The Kakao headquarters is pictured in Seongnam, Gyeonggi Province, Sunday. The raging takeover battle between Kakao and Hybe for SM Entertainment has come to a halt as Hybe withdrew from the competition after the two struck a deal. Under the compromise, Kakao would acquire the K-pop label and Hybe would pursue a platform business partnership with the tech giant. (Yonhap)
The heated competition to take over leading K-pop agency SM Entertainment seems to have come to a sudden, amicable halt, as IT giant Kakao is set to seize control of the label while its rival Hybe, the K-pop powerhouse behind global sensation BTS, has decided to drop its bid with future cooperation in mind.
“Hybe assessed that the market is showing signs of overheating, following the rivalry with Kakao and Kakao Entertainment,” Hybe said through an official statement on Sunday.
“The decision was made considering this could have a negative impact on Hybe’s shareholder value.”
Following the announcement, Kakao also released a separate statement saying it respects Hybe’s decision.
“Kakao and Kakao Entertainment are partners of Hybe and SM Entertainment, impacting each other positively,” it said. “We agreed to maintain a cooperative relationship to uplift the global status of K-culture, including K-pop.”
Kakao said it will go forward with its tender offer to buy an additional 8.33 million shares of SM through March 26 as planned. It has offered a price of 150,000 won ($113) per share, aiming at a combined 35 percent stake.
SM also welcomed the decision.
“With this decision, SM will accelerate the implementation of SM 3.0 to achieve the vision of the company, ‘moving forward to become a fan- and shareholder-centric global entertainment leader,’” it said through an official statement.
“In doing so, we will continue to enhance our corporate value and expand shareholder return policies for all shareholder,” the statement read.
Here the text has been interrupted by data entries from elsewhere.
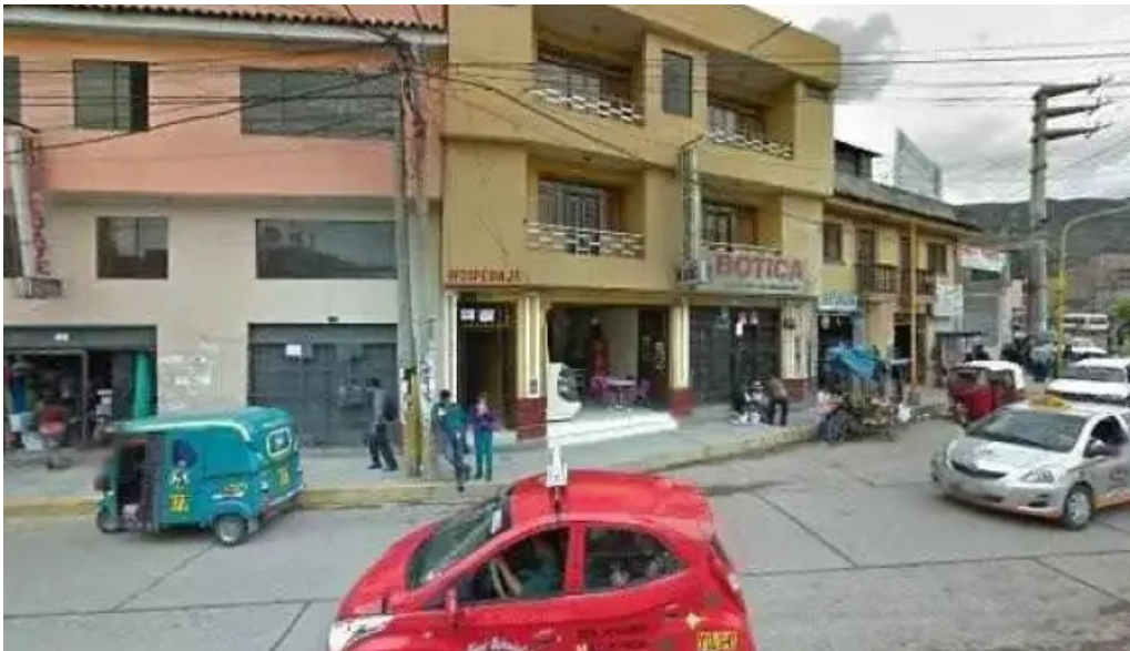
Botica farma hogar cerca de mideg
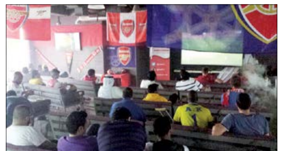
لسان حال الرابطة: «معك يا أرسنال دائماً»
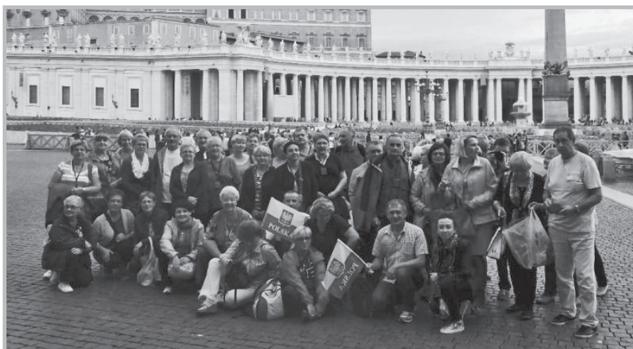
Z Białej Podlaskiej do Włoch
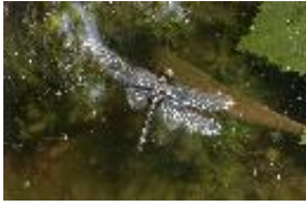
Kleine Moosjungfer - Leucorrhinia dubia (Vander Linden, 1825), totes Weibchen
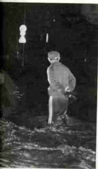
と化した市役所前の民家や商店に大きな被

市では災害対策本部を閉鎖しましたが、災害についての相談を次のおり受けていますので、お困りの方はお気軽におこしください。 ●生活物資、援護資金関係は民生部社会課へ。 ●住宅の相談は建設部建築課へ。 ●その他災害の全般的事務は総務部公聴広報課へ。
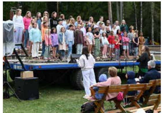
Sangen fra mange barn satte sitt preg på festivaldagen.
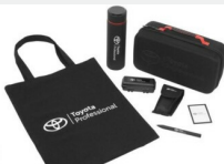
Zestaw prezentowy Professional Gadżety
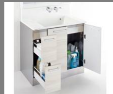
引出しタイプ(スタンダードレール)

小分けができる引出しと、収納スペースの広い開き扉の組み合わせで、効率よく収納できます。
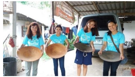
ภาพที่ 4 การร่อนทอง และเลี้ยงหรืองานที่ใช้ร่อนทอง
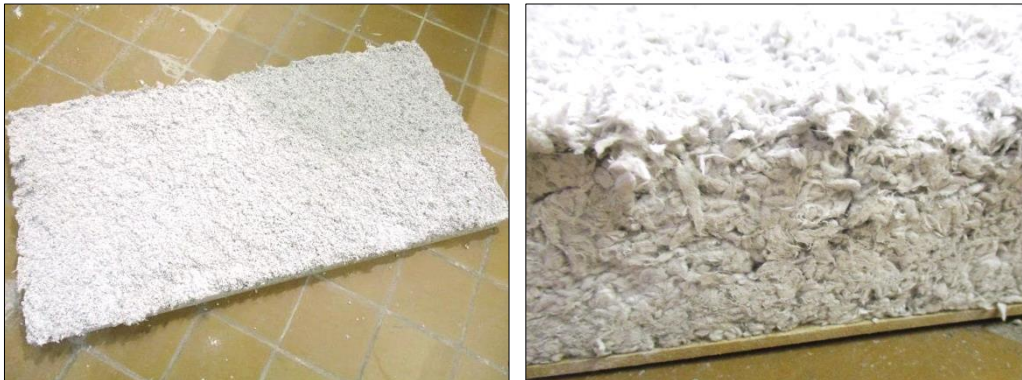
Imágenes 1 y 2 Detalles del proyectado de PERLIWOOL TERMIC
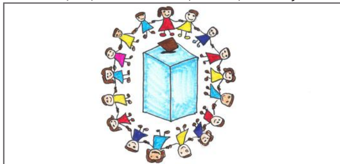
Të votosh është e drejtë e secilit

sin ata, e gjithashtu mund të marrin pjesë në protesta, por vetëm se ata duhet të mbajnë mend që gjatë tyre nuk duhet të përdorin dhunë. Po ashtu, qytetarët mund të marshojnë për të adresuar pakënaqësitë e tyre.
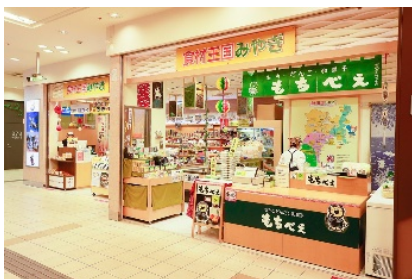
仙台駅 食材王国みやぎ
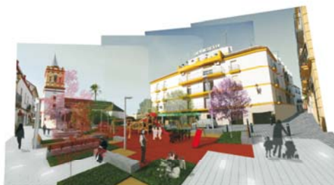
Plaza de Santa María La Mayor (detrás)
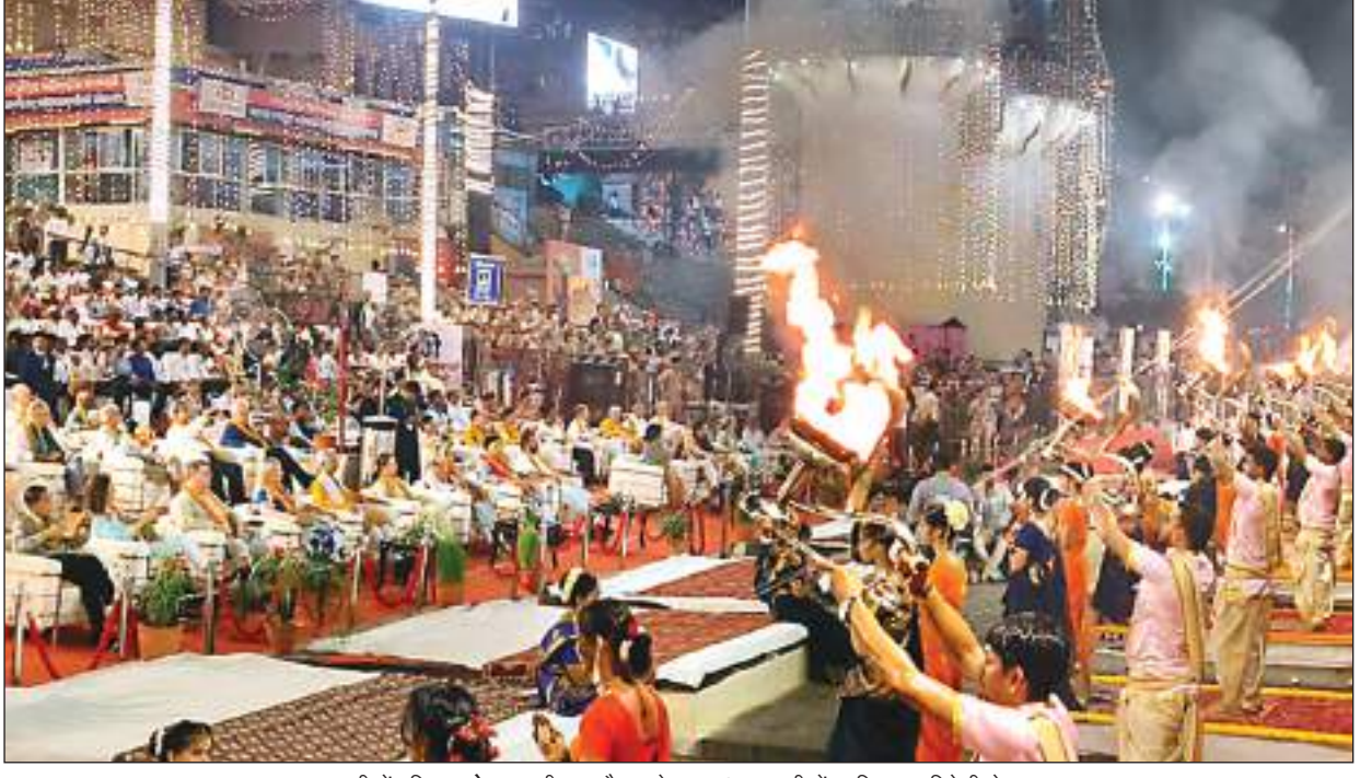
वाराणसी में रविवार को शुरू जी-20 बैठक के बाद गंगा आरती में शामिल हुए विदेशी मेहमान।

नई दिल्ली। कनाडा में फर्जी दखिला पत्रों का उपयोग करके वीजा प्राप्त करने के आरोप में निर्वासित किए जाने के डर से जुड़ा रहे कुछ भारतीय छात्रों को कनाडा के अधिकारियों से स्थगन आदेश मिला है। सूत्रों ने यह जानकारी दी। भारत कनाडा के अधिकारियों से निष्पक्षता बरतने और मानवीय दृष्टिकोण अपनाने का कई बार आग्रह कर चुका है क्योंकि छात्र कथित रूप से कुछ एजेंट की धोखाधड़ी का शिकार हुए थे। सूत्रों ने यह भी कहा कि जिन भारतीय छात्रों को कनाडा से निर्वासित किए जाने की आशंका है, उनकी वास्तविक संख्या 700 से कम है। एक सूत्र ने कहा इनमें से ज्यादातर छात्र 2017-2019 के दौरान कनाडा गए थे। अपनी पढ़ाई पूरी करने के बाद, उनमें से कुछ ने कार्य अनुमति प्राप्त की, जबकि अन्य ने कनाडा में पढ़ाई जारी रखी। भारत कनाडा और नयी दिल्ली में कनाडा के अधिकारियों के समक्ष इस मामले को उठाता रहा है। विदेश मंत्री एस जयशंकर ने भी कनाडा के अपने समकक्ष से इस मामले पर बात की थी।

The companies said further plans on the SM shares owned by Hybe and the agreement on the platform business between the two agencies will be shared soon.
Kakao, operator of the nation’s No. 1 messenger app KakaoTalk and other popular platform services, has been aggressively expanding its entertainment business.
Its acquisition of SM is seen as a move to secure a wide range of intellectual property to broaden its entertainment business spectrum.
“We plan to create new synergy through SM Entertainment’s global intellectual property rights, producing system, Kakao and Kakao Entertainment’s IT technology and IP value chain, surpassing mere expansion of music IP,” Kakao said.
The acquisition could also boost Kakao Entertainment's initial public offering plan, bringing the target price up based on increased company value. The IPO plan has been in the talks for months, while Kakao has maintained its stance, "Nothing has been decided yet."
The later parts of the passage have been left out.